E-discovery vendors apply this technology when they process electronically stored information in preparation for review. This process can be invaluable in culling down a large document collection, and obviously saves time on the actual review. The amount of data by which the de-duplication process shrinks the relevant universe of documents to can be surprising.
Duplicates on the Horizon
De-duplication is usually applied in two different scenarios. The first is “vertical” de-duplication, sometimes called “custodian de-duplication.” In this scenario, the de-duplication technique is only applied to a single custodian's data collection. This would catch two duplicate documents that existed on that person's computer hard drive, but it would not eliminate duplicates of that same document that existed on other people's computers.
Vertical de-duplication is commonly used with backup tapes. If an individual kept an e-mail or a document on their system for 6 months, and there were 6 monthly backup tapes, then de-duplication would eliminate 5 redundant copies of that e-mail or document.
The other scenario is called “horizontal” de-duplication which is applied across all the custodians or data sets involved in a matter. Horizontal de-duplication would catch all 5 copies of the e-mailed memo in our example above from each person's e-mail collection. The trick here is to ensure that your e-discovery processor keeps track of the source of each copy in case that information becomes necessary.
Exact Duplicates vs. Near-Duplicates
If those were the only factors that had to be covered in de-duplication, the e-discovery issue would be easy. In the real world, however, the same Microsoft Word document could exist as a PDF file as well. These two files may be exactly alike except one file ends in .doc and the other one ends in .pdf. Because of that, the hash values would be completely different, and both of these files would be included in the review database.
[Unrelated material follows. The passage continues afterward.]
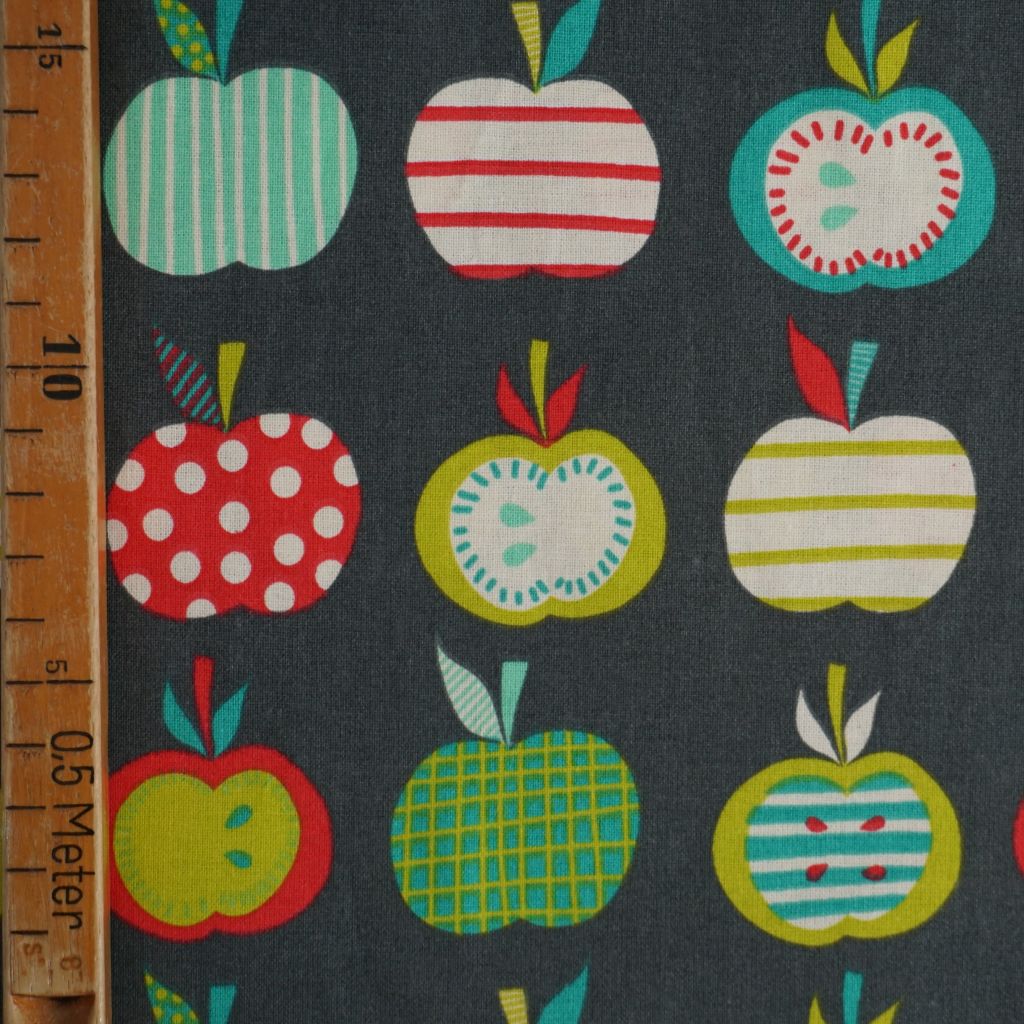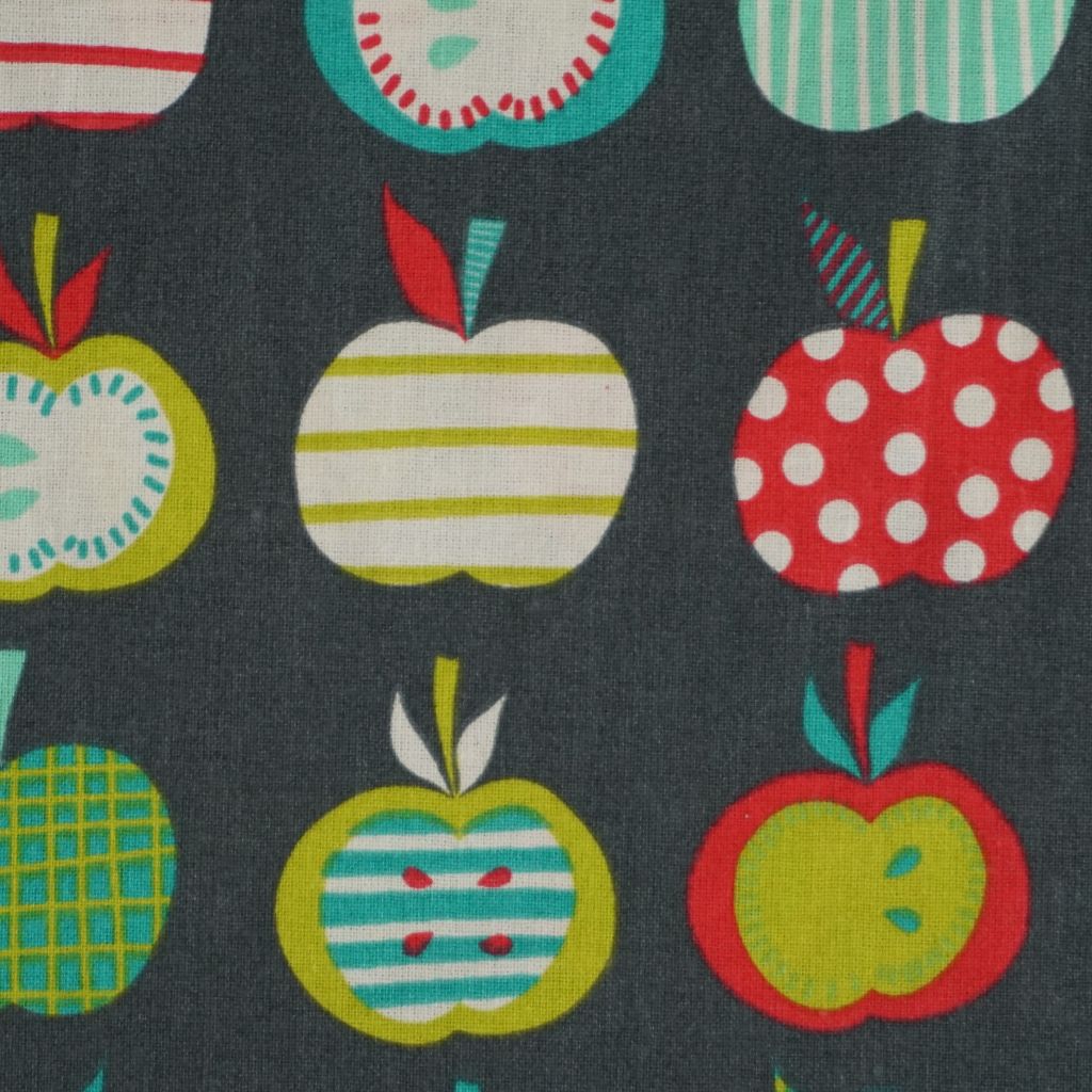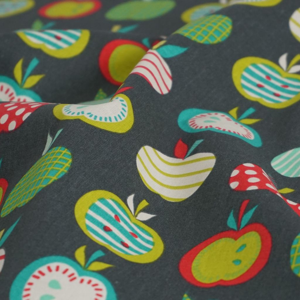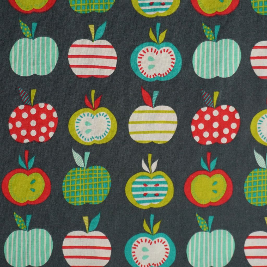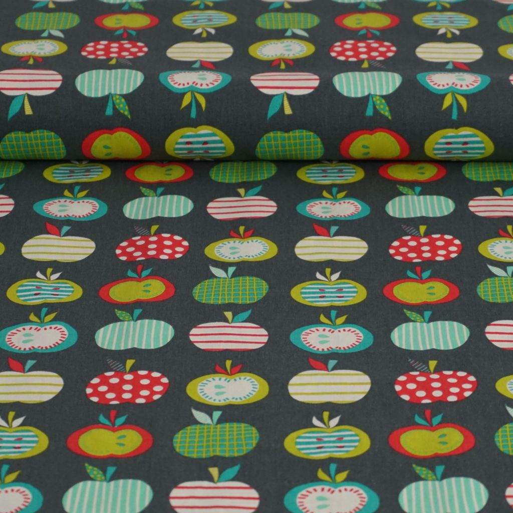 Baumwollstoff Motivdruck Äpfel grün rot auf grau

One way to solve this issue would be to only create the hash value based on certain characteristics of the files. Instead of establishing the hash value based on the content of the document, you could create the hash value from just the title of the document, or other specific properties of the files. This could be helpful, but a little peculiar unless you really know your document collection and understand how de-duplication will cull it down.
If the idea of de-duplication is leaving you a bit duped, perhaps you'll be a little more comfortable with the idea of “near-duplicates.” A company called Equivio has popularized the phrase “near-duplicates” based on their technology that identifies documents that are mostly similar to each other. Examples of near-duplicates include various drafts of the same Word document or an e-mail forward that contains the entire original message. Neither of these examples are exact duplicates, but the files are so extremely similar that a reviewer may only need to see the final version of the document to determine if the entire group of near-duplicates is relevant.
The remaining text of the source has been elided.